Microgrids deliver resiliency, security and savings
The term microgrid suggests thinking small, but the big picture for these IoT-based energy technologies is how they could revolutionize the distribution of electrical energy around the world.
Microgrids—often also referred to as smart grids—are essentially subsets of the larger electrical utility grids, designed to give organizations greater control over their energy resources and to make better use of utility-provided energy in conjunction with locally produced power.

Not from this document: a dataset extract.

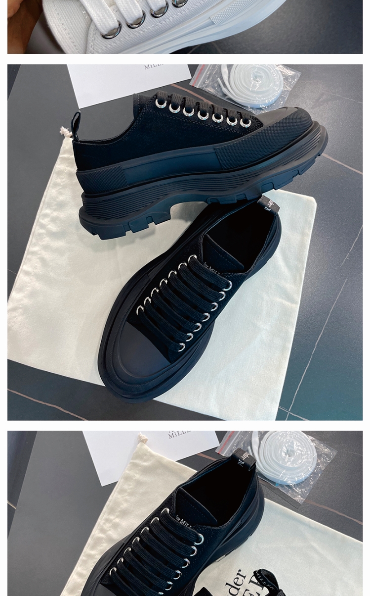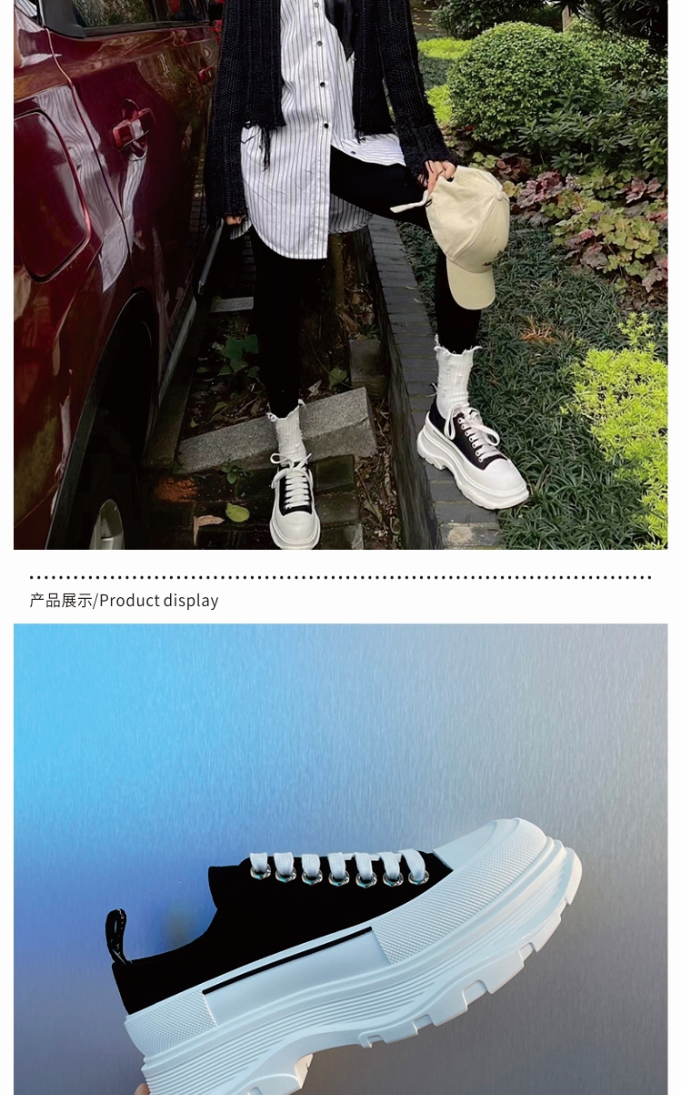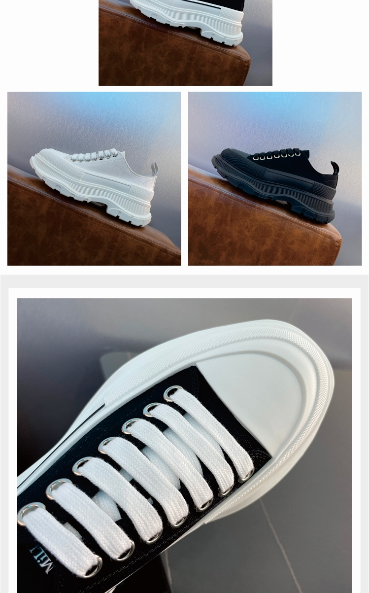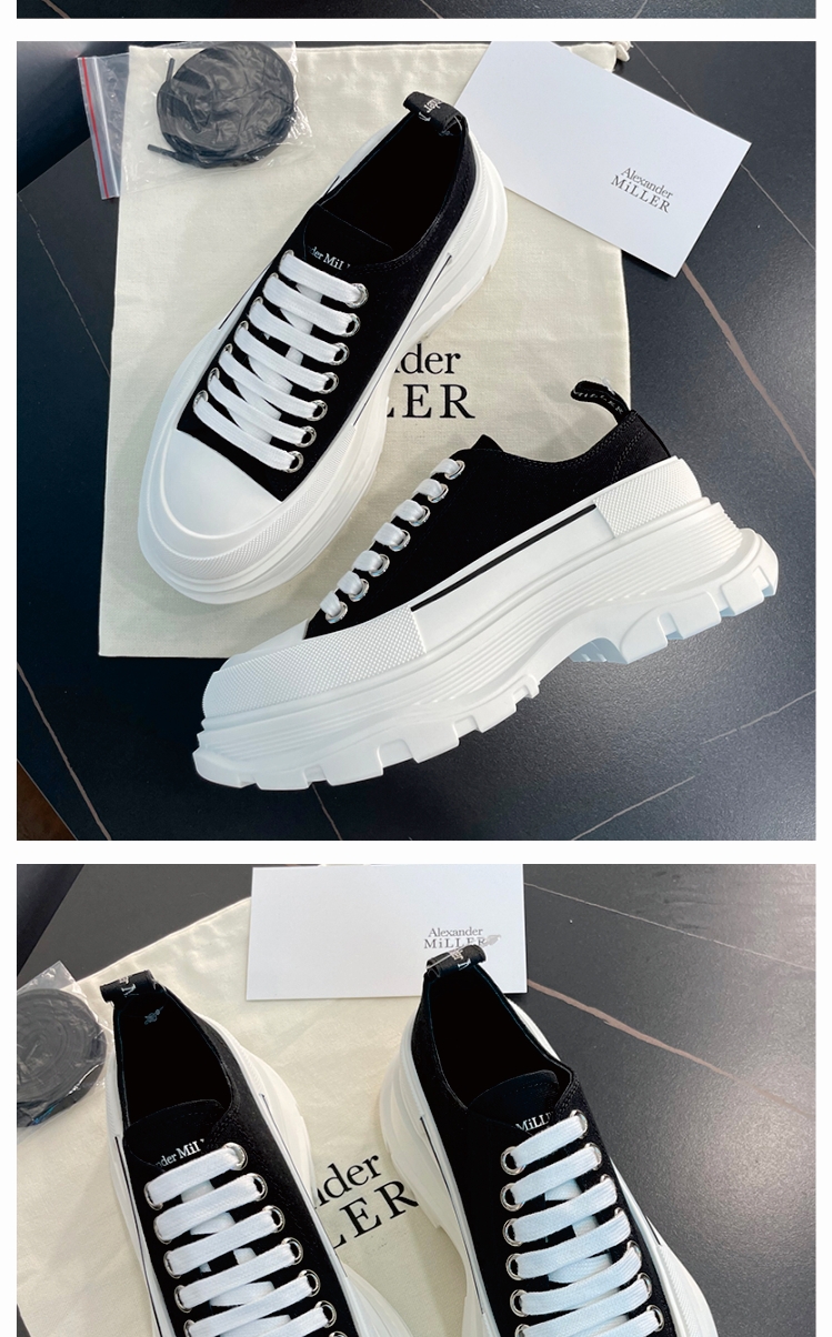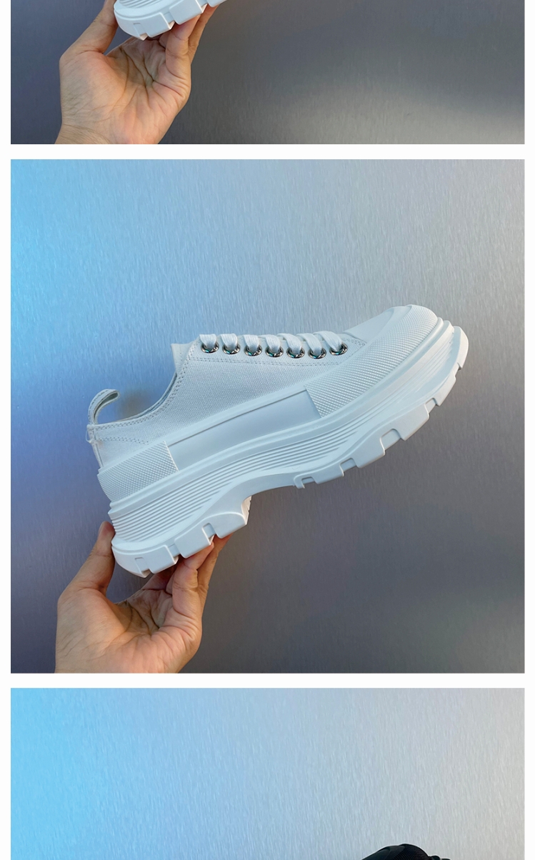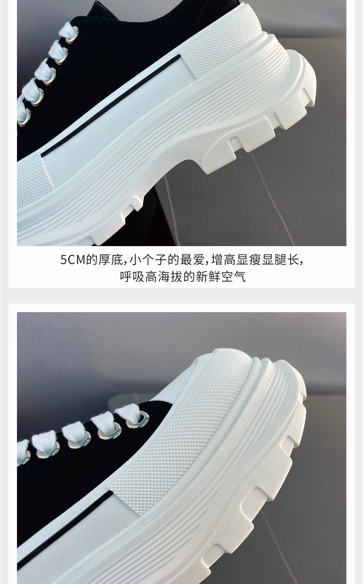 [Paula Xiao Tong] Thick-Soled Height-Increasing Canvas Shoes for Women, Platform Sole, Versatile Lace-Up Low-Top Dad Shoes, Trendy Thick-Soled Shoes

In a published report—The U.S. Department of Energy’s Microgrid Initiative—the DoE defines a microgrid as “a group of interconnected loads and distributed energy resources within clearly defined electrical boundaries that acts as a single controllable entity with respect to the grid.”
The definition continues with a key feature that achieves one of the primary goals of microgrid implementation: “A microgrid can connect and disconnect from the grid to enable it to operate in both grid-connected or island-mode.’’
Islanding provides the mechanism for microgrid owners to realize improved resiliency when the utility grid may not provide adequate—or any—electrical power.
“The main reason [for microgrid implementations] in the U.S.—which is the world’s leading market for microgrids that are connected to the grid—is . . . unreliability,” noted Peter Asmus, who tracks emerging energy distribution networks in his role as a research director for Navigant Research.
Of course, resiliency also means that an organization can produce its own power when needed.
“The biggest key is just in the area of resiliency, and that [microgrids] can provide the opportunity to island from the grid,” noted Justin Brant, a senior associate with the Southwest Energy Efficiency Project (SWEEP) a nonprofit clean energy advocacy group. “When the grid may be down, you can still provide basic services.”